Algún interés suscita porque su hermano interrumpe los últimos retoques de su tocado.
– ¿Qué es?
– Una carta.
– ¿De quién?
– De César Borja.
Esta vez Alfonso termina de vestirse, aparentemente desentendido pero rumiante de la información recibida.
– ¿Qué dice?
– Pide nuestro apoyo.
Lee un fragmento en voz alta el cardenal:
– "… Podemos compartir nuevos días de gloria en nuestra amada Italia…"
César, a caballo, juega con el toro, unas veces perseguido, otras perseguidor, dentro del encerrado ámbito del patio de un castillo con todas las salidas selladas. Finalmente desciende del potro y burla las arremetidas del toro sólo con los regates de su cuerpo. Está cansado y hace una señal. Entran los toros mansos conducidos por un lugareño y se llevan al bravo, pero antes de consumarse la salida vigilada por los soldados, el lugareño cruza unas palabras con el Valentino.
– Esta noche, según lo convenido.
– Esta noche, Juanito.
De una de las ventanas del patio se filtran los alaridos de una mujer, alaridos rotos, de pronto sollozos, otra vez alaridos. La sorpresa en el rostro de Juanito Grasica la diluye César.

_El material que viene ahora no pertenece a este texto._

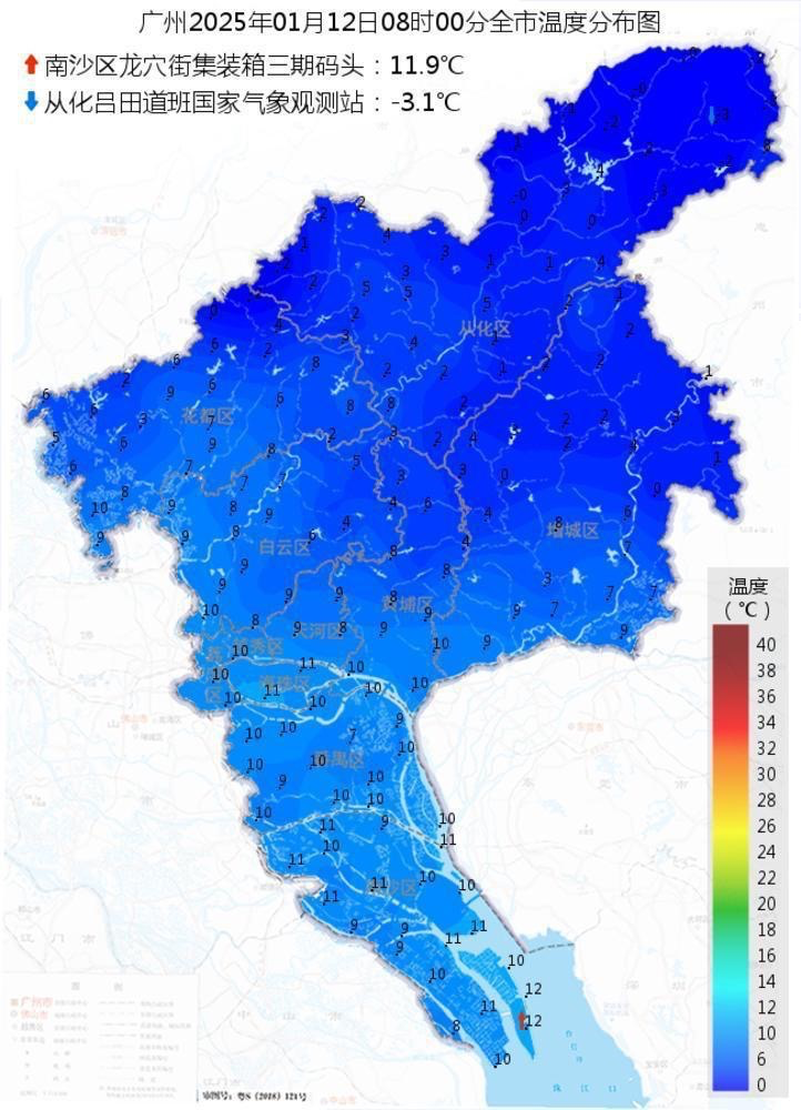 羊城晚报记者1月12日6时许沿大广高速驾车到达吕田镇时,车内温度计显示外部气温-3℃。结合广州市气象台根据广州各地自动气象站所生成的广州观测实况,吕田镇在12日8时前持续有自动气象站记录到低于-3℃的实时气温。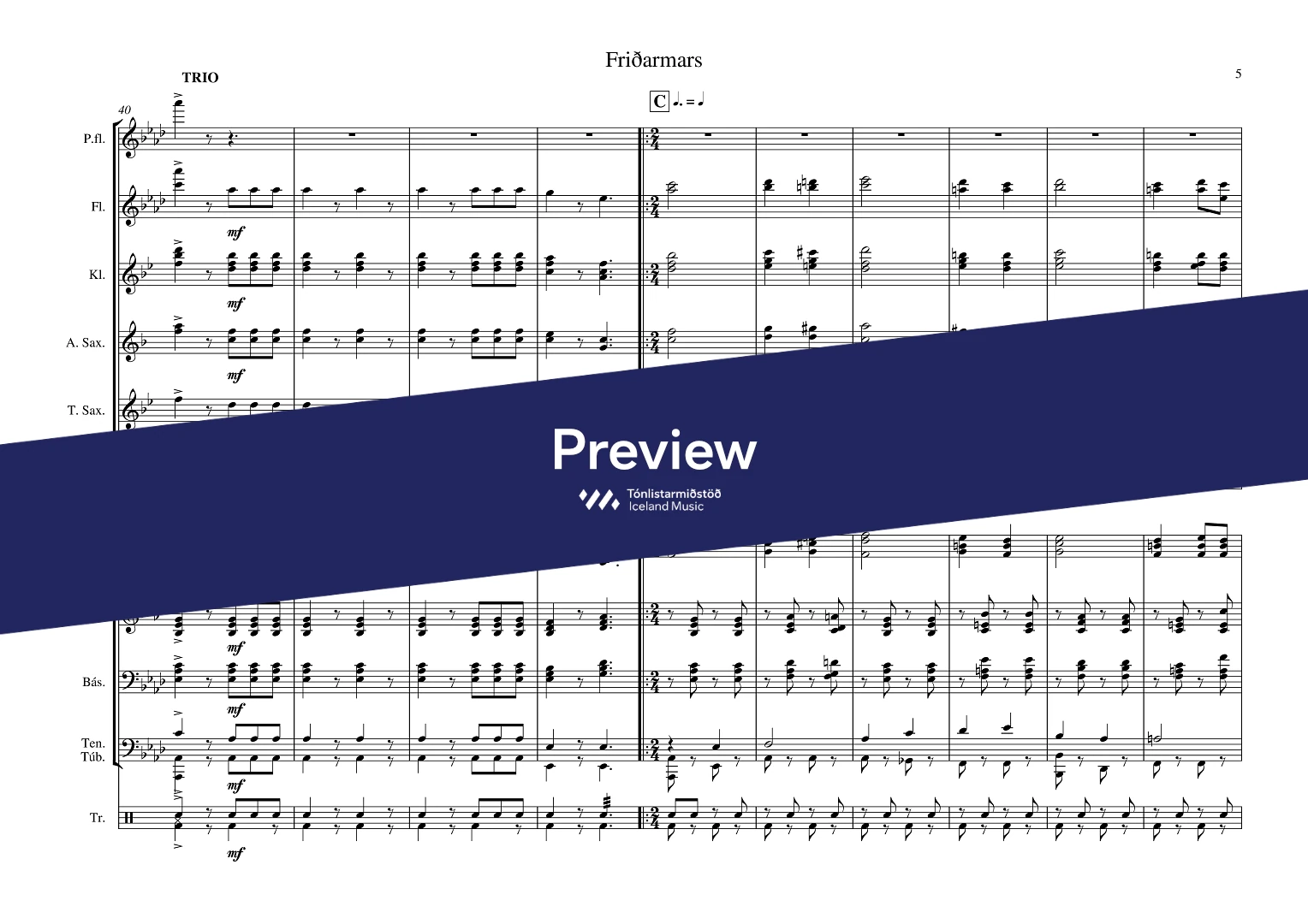 Instrumentation 2 (picc).1.2.0. - 2 Asax. 1 Tsax. 1.Bsax. - 3 cornet/trumpet. 3 FHorn/EsHorn. 3 Trbn. THorn. Tubes - percussion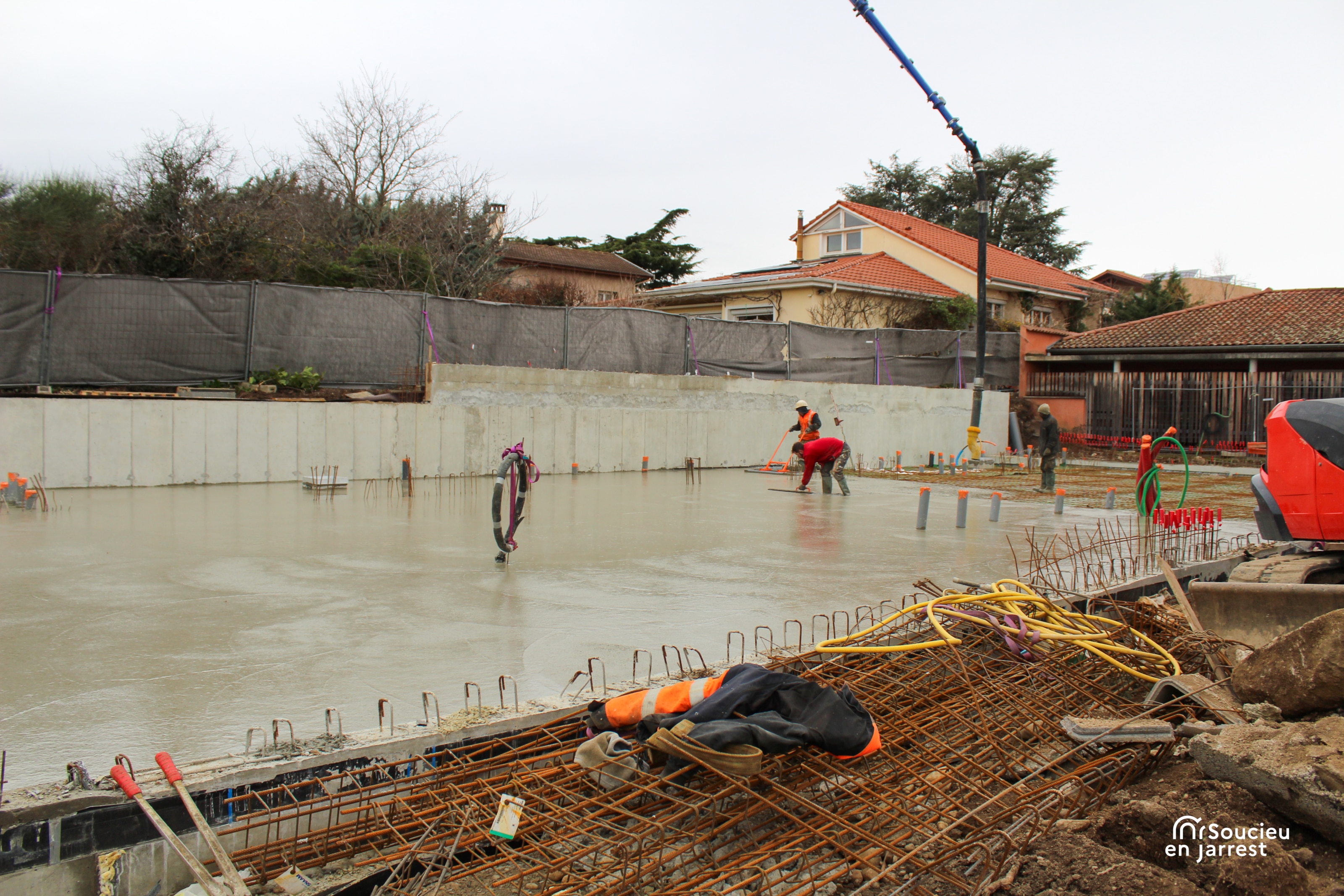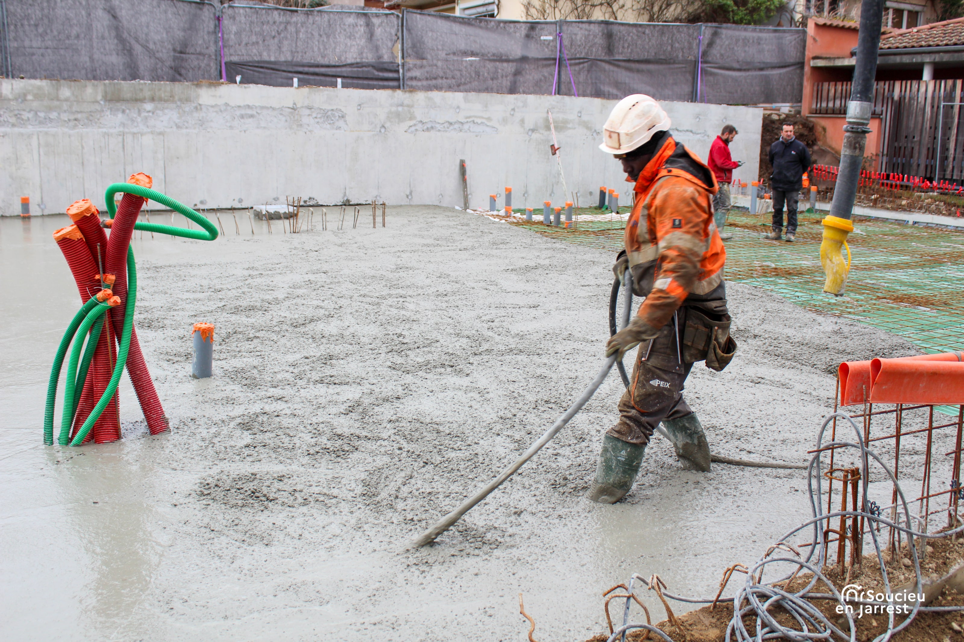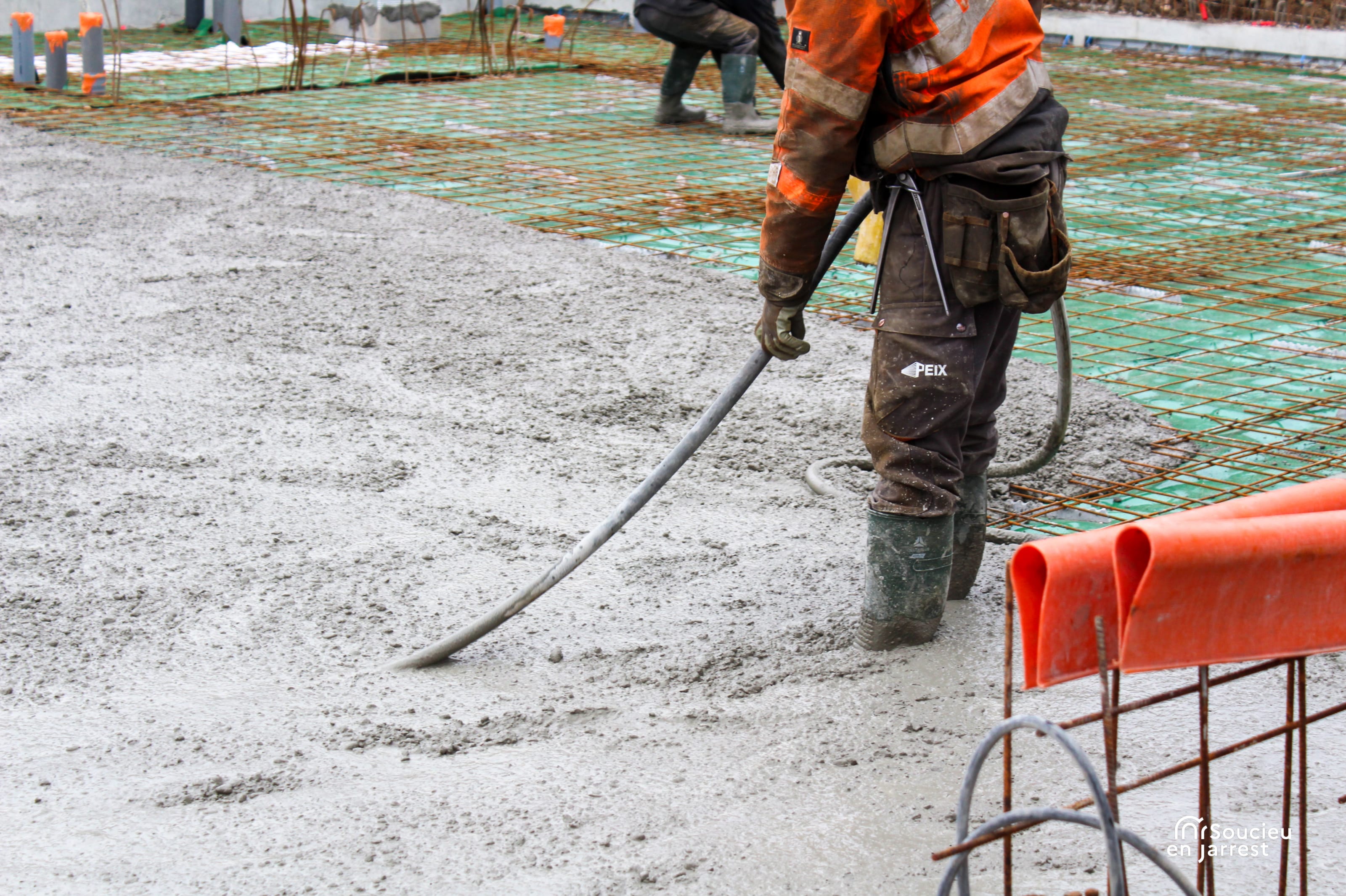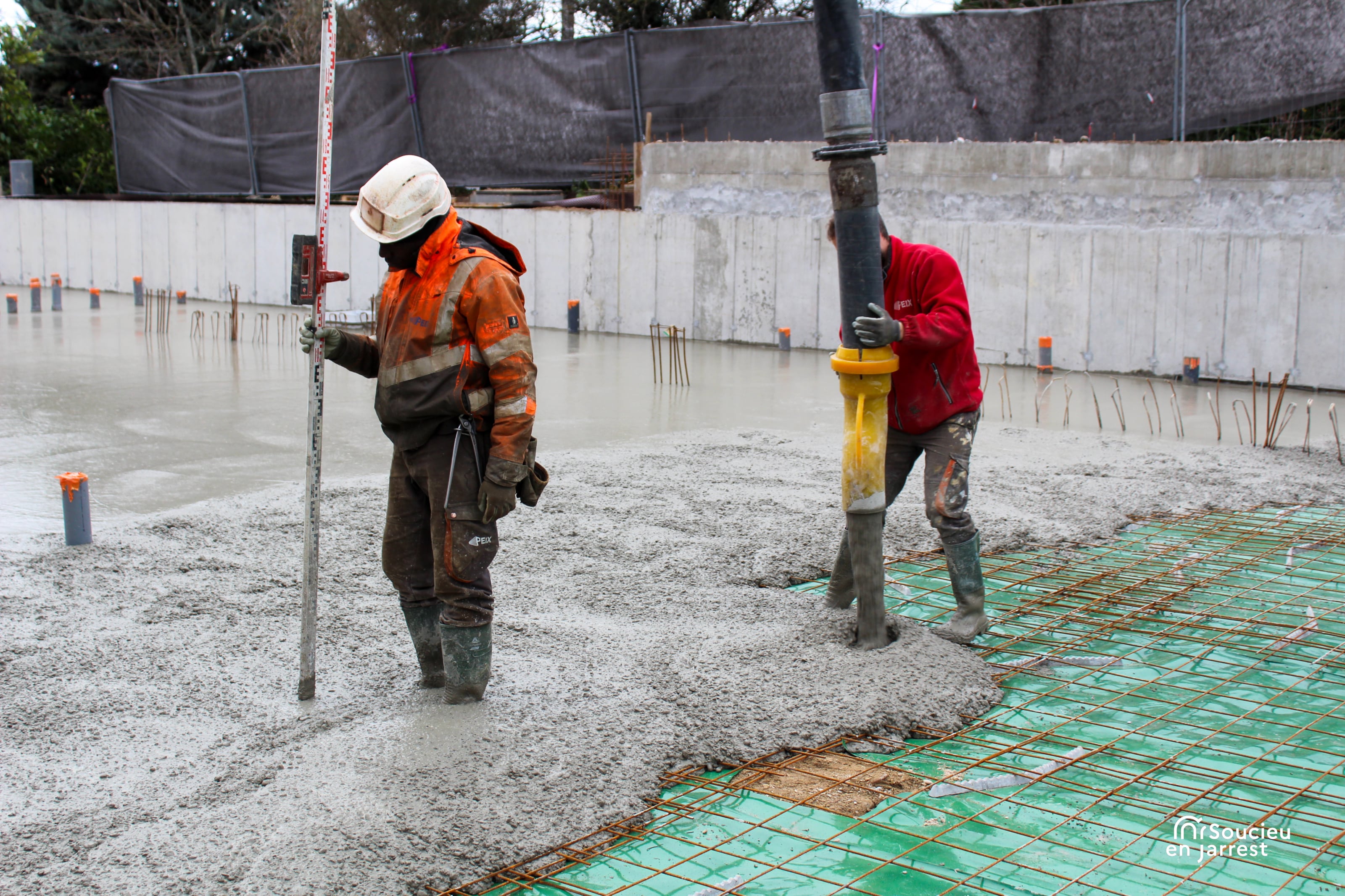 La semaine dernière, les équipes ont procédé au coulage de la dalle en béton. Cette opération marque la fin des travaux de fondation, c’est-à-dire la partie du chantier qui permet d’assurer la stabilité de la future construction.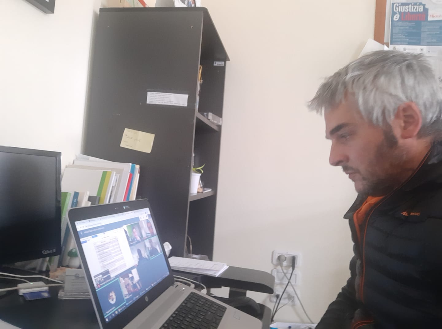 Il sindaco Gabriele Santarelli collegato in videoconferenza con i rappresentanti delle associazioni di categoria del commercio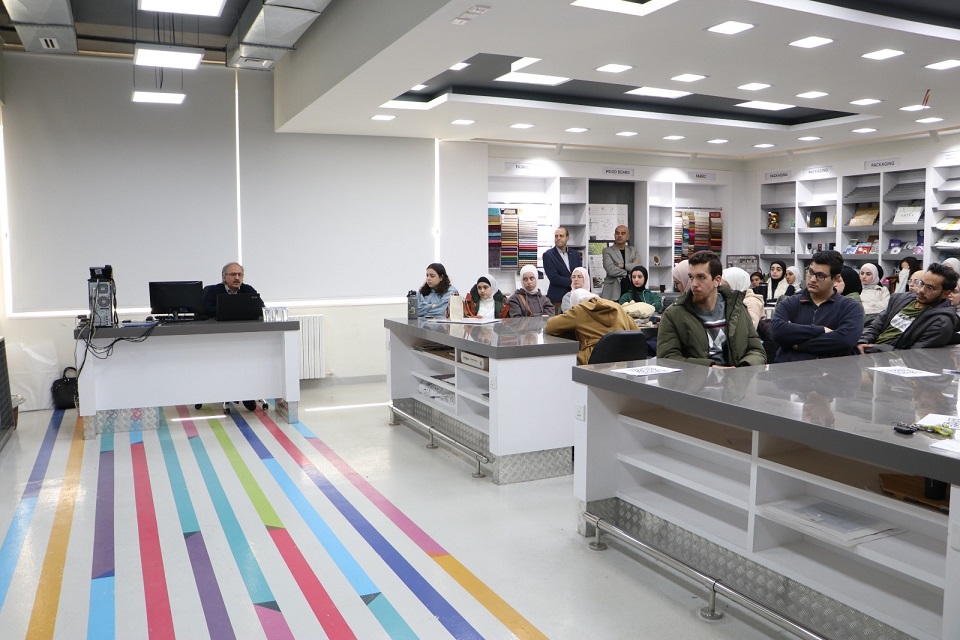 The lecture witnessed strong attendance from both students and faculty members. Prof. Feras El Hajji, Vice President of the University, and Prof. Emad Al-Fahmawee, Dean of the Faculty of Art and Design, welcomed the guest speaker. They expressed their gratitude and pride in the ongoing and fruitful collaboration between Applied Sciences University and Marmara University, along with its visiting faculty members.
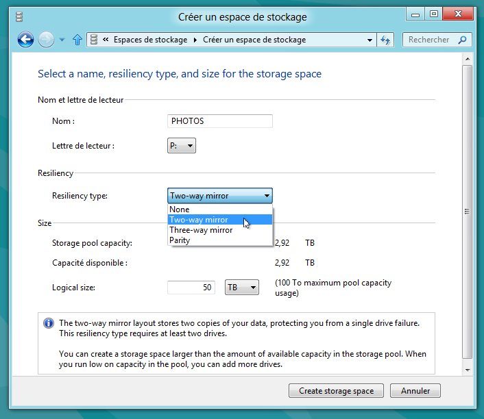 Autre innovation, ces partitions sont intelligentes et incorporent des technologies de protection des données ! Lorsque vous définissez, par exemple, un espace de stockage nommé Photos pour accueillir vos clichés, vous pouvez indiquer que celui-ci contiendra des données précieuses. Dès lors, Windows veillera à toujours conserver un duplicata des données sur un disque physique différent (plusieurs méthodes de résilience sont proposées). Si l’un des disques physiques du Pool venait à rendre l’âme, les données de l’espace ainsi protégé seraient toujours accessibles grâce à leur duplicata masqué.

– Es la reina Juana. Desde que ha muerto su marido, ha empeorado. Siempre me espía a través de la celosía.
Al otro lado de la celosía, Juana se ha abierto la pechera en busca de sus propios senos y aúlla, con los ojos desorbitados, pendientes de la cadencia del caminar de César en busca de la escalera que le llevará a la torre del homenaje.
La mirada de la mujer de hermosura demacrada sigue el recorrido sin dejar de gritar, y se detiene César. Afina los ojos para distinguir más allá del celaje las facciones de la reina e interroga:
– ¿Doña Juana?
Un rugido le responde y el grito:
– ¡Centauro! ¡Un centauro de tres cuerpos!
Le extraña a César la lógica, pero decide proseguir su marcha.
Sube la escalera y ya en sus aposentos se cambia de ropa, se viste de oscuro como la noche, contempla las lejanías castellanas y escucha los gritos de la loca, y así hasta que anochece, y por el campo avanzan luces que César atiende acompañado de un criado. Las luces se concretan en la caballería que espera al pie de la torre del homenaje, y el criado lanza una larga cuerda resultante de varias cuerdas unidas. No se percibe bien el alcance del final, pero las luces se mueven en acuciante demanda de que actúen.